アナリティカルサークルNo.33(2004年6月発行)に生体試料中のタンパク質を除く方法について説明がありましたが、逆にタンパク質やペプチドの分析方法について教えて下さい。
タンパク質あるいはペプチドは、加熱や有機溶媒の添加などにより変性・失活しやすいため、試料の取り扱いは保存を含め注意が必要です。タンパク質の変性の原因としては物理的要因[加熱、凍結、高圧、紫外線、放射線、撹拌など]及び化学的要因[pH(酸やアルカリ)、有機溶媒、重金属塩、変性剤(尿素など)、界面活性剤、還元剤(2-メルカプトエタノール)など]があります。
保存に関してはタンパク質の種類によって冷凍あるいは冷蔵保存を選択します。溶液保存の場合、頻繁に凍結融解を繰り返すと変性、失活する可能性が高くなりますので、できれば用時調製が望ましいといえます。調製した試料溶液は分析中も容器ごと温度管理する事が望まれます。
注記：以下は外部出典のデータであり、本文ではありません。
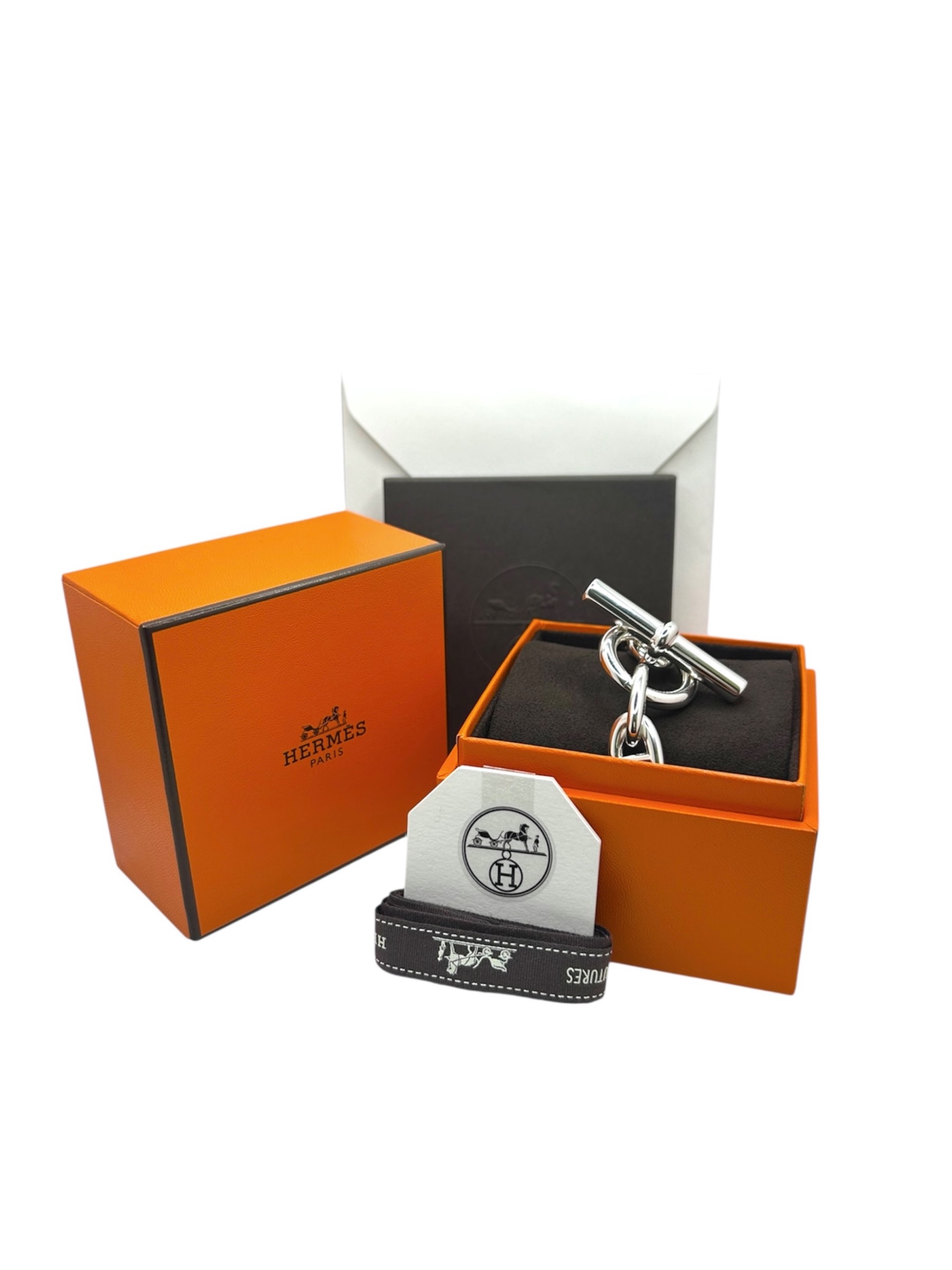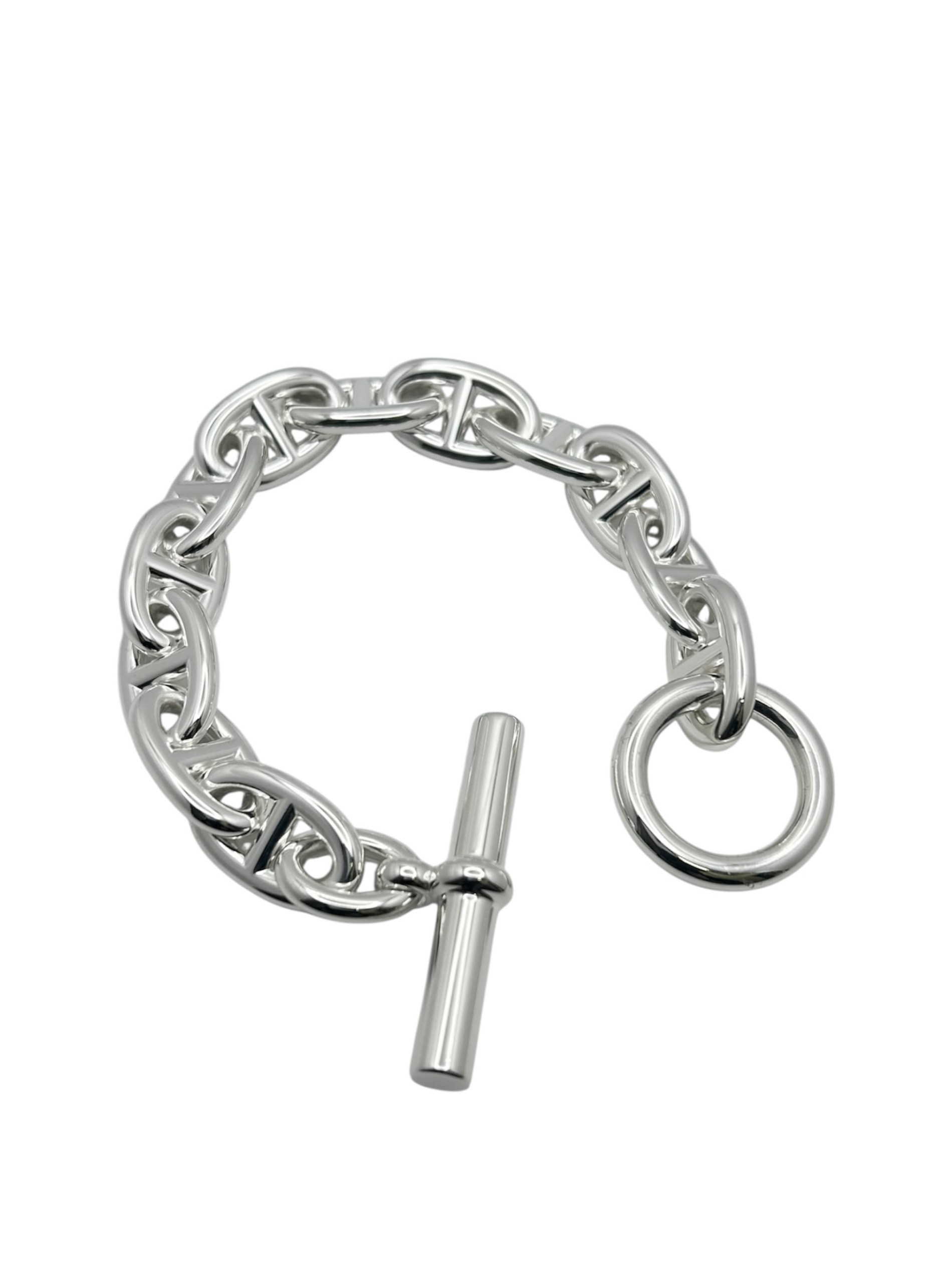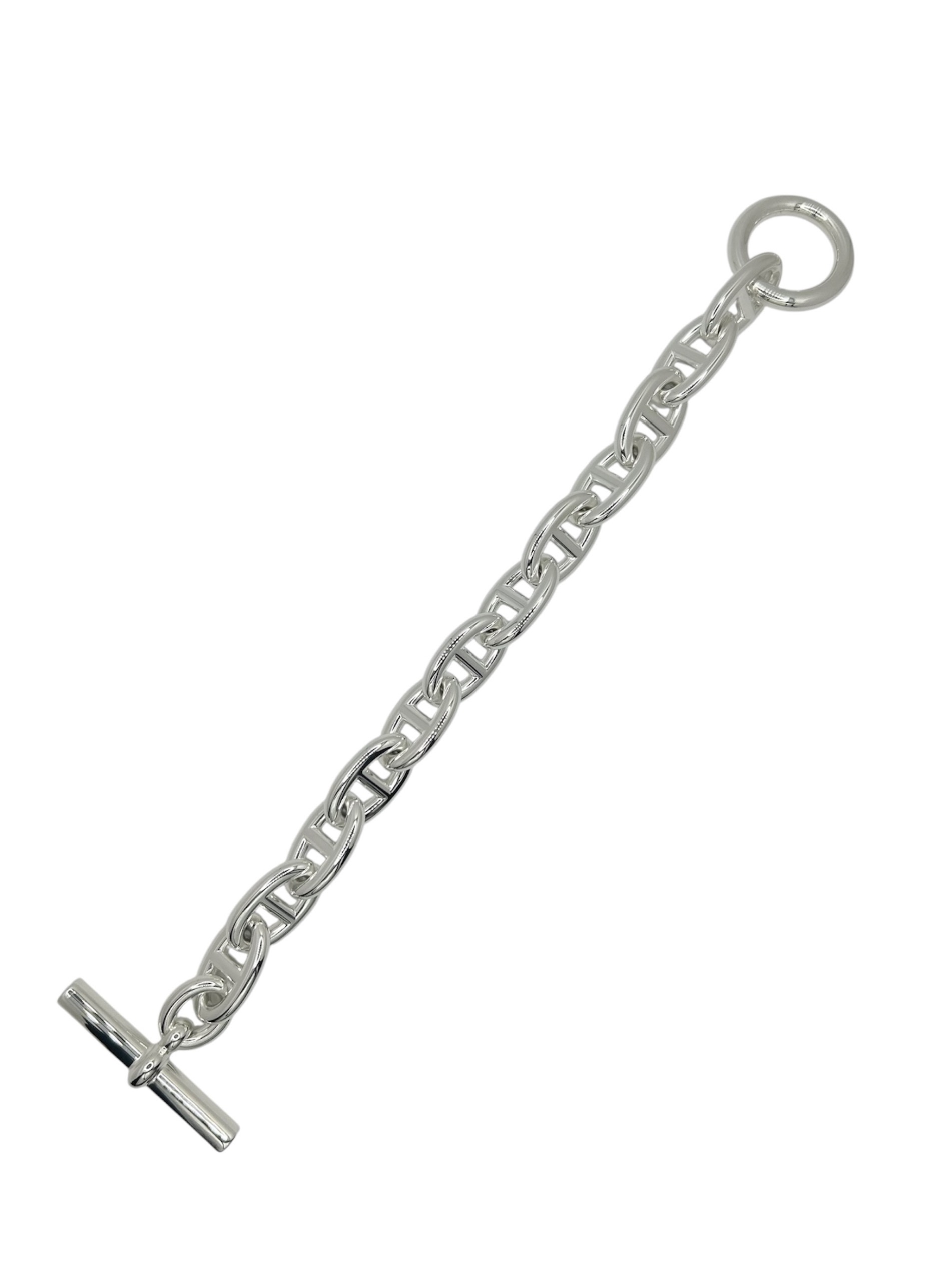 | スタッフコメント | HERMESのアイコニックアクセサリー「シェーヌダンクル」でございます。サイズはTGMとなっており、身に着けるだけで手元に存在感を出してくれるボリューム充分なブレスレットです。シルバー925素材を使用しているため、錆びにくく長くご愛用でき、また経年変化お楽しみいただけるアイテムとなっております。 |

またタンパク質によってはガラス容器の内壁に吸着したり、金属の影響で変性や失活したりする事があります。このような場合、試料の調製や保存にポリマー製容器を使用し、装置の接液部はメタルフリー化します(PEEKなどの樹脂製カラムや、樹脂製の配管、接液部が樹脂製のポンプなど)。その他、濃縮に限外ろ過膜を使用すると膜の素材によっては吸着されて回収率が低下します。吸着されにくい素材を使用したり、固相抽出用イオン交換カラムに捕集し溶出させたりします。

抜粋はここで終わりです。